G. International Product Tracing Systems

Some countries have mandatory product tracing systems in place in various forms, although these systems are more prevalent with respect to animal identification than for food in general. The European Union (EU), in addition to having a mandatory product tracing system for animals, also requires a product tracing system for all food and feed businesses. Specifically, the EU requires all food and feed to be traceable “one step forward and one step back” in EU member states. Food and feed business operators must be able to document where a particular food or feed product came from and where it is going next. Specifically, they must be able to document the names and addresses of suppliers and customers, as well as the nature of the product and date of delivery. They are also encouraged to keep information on the volume and quantity of a product; the batch number, if one exists; and a more detailed description of the product, such as whether it is fresh or processed. Food and feed business operators must also have systems and procedures that allow them to provide this information to the competent authorities on demand. In addition to these general requirements, sector-specific requirements apply to certain categories of food products (fruit and vegetables, beef, fish, honey, olive oil) (Refs. 17 through 20). In 2007, the EU began a 4-year study to develop, test, and evaluate two full pilot product tracing systems—one for the tomato food chain and the other for the feed/dairy chain (Ref. 21).

In 2006, Codex established principles for tracing food through production and distribution processes (Ref. 2). The Codex principles are intended to assist government authorities in utilizing product tracing as a tool within their food inspection and certification system.

Certain private international standard setting organizations have also developed principles and other guidelines on product tracing systems for use by industry. For example, in 2007 the International Standards Organization (ISO) issued ISO 22005:2007, which provides general principles and basic requirements for designing and implementing a product tracing system along a food processor's supply chain.3 Another example is the GS1 Global Traceability Standard (Ref. 22), which is being used by the PMA, CPMA, UFPA, and other associations involved in the PTI.

H. Actions Suggested by Stakeholders

Some consumer advocacy groups have asked us to develop and implement emergency regulations that would require source tracing for produce (farm-to-table); written food safety plans for farmers, processors, and packinghouses; and tighter controls on repacking (Ref. 23). Some industry trade associations have asked FDA and CDC to convene a meeting with industry representatives and work together to minimize the human and economic impact of an outbreak (Ref. 24). These Start Printed Page 55120trade associations urged FDA and CDC to work in partnership with industry to find solutions to speed up and streamline outbreak identification and response. These trade associations also recommended that a working group be established to look at crisis management systems and that teams of industry experts be established to help in traceback investigations.

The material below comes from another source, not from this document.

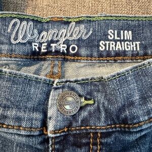 Stylish Wrangler Retro Slim Straight Medium blue jeans with a slim straight leg design. Durable and versatile for everyday wear. Very good Used Condition

I. Issues and Questions for Discussion

As previously noted, we need to increase the speed and accuracy of traceback investigations to help limit the public health impact of a foodborne illness outbreak; to limit to a particular region, locality, farm(s), or processor(s) the source of the problem (where the source is in fact limited), so that an entire industry is not unnecessarily affected; to enable public health authorities and the food industry to provide targeted and accurate information about affected food to consumers; to institute steps to correct the source of contamination; and, as a result, to restore or enhance consumer confidence in produce safety.

We intend the public meetings to stimulate and focus a discussion about mechanisms to enhance product tracing systems for fresh produce and to improve FDA's ability to use the information in such systems to identify the source of contamination associated with fresh produce-related outbreaks of foodborne illness. This discussion will help FDA determine what short and long term steps, such as issuing regulations, we should take to enhance the current tracing system. Aspects of these measures could require new legal authority. We welcome public comments and/or data on the following issues related to product tracing systems for fresh produce:

1. Should a “fresh produce identifier” be assigned to fresh produce? If so, at what stage or stages in the supply chain should such an identifier be assigned or modified? What data or information would be useful to include in such an identifier? Should the identifier be placed on the fresh produce, the package, the shipping container, and/or the invoice or bill of lading? Should the location of the identifier depend on the type of produce or on other factors?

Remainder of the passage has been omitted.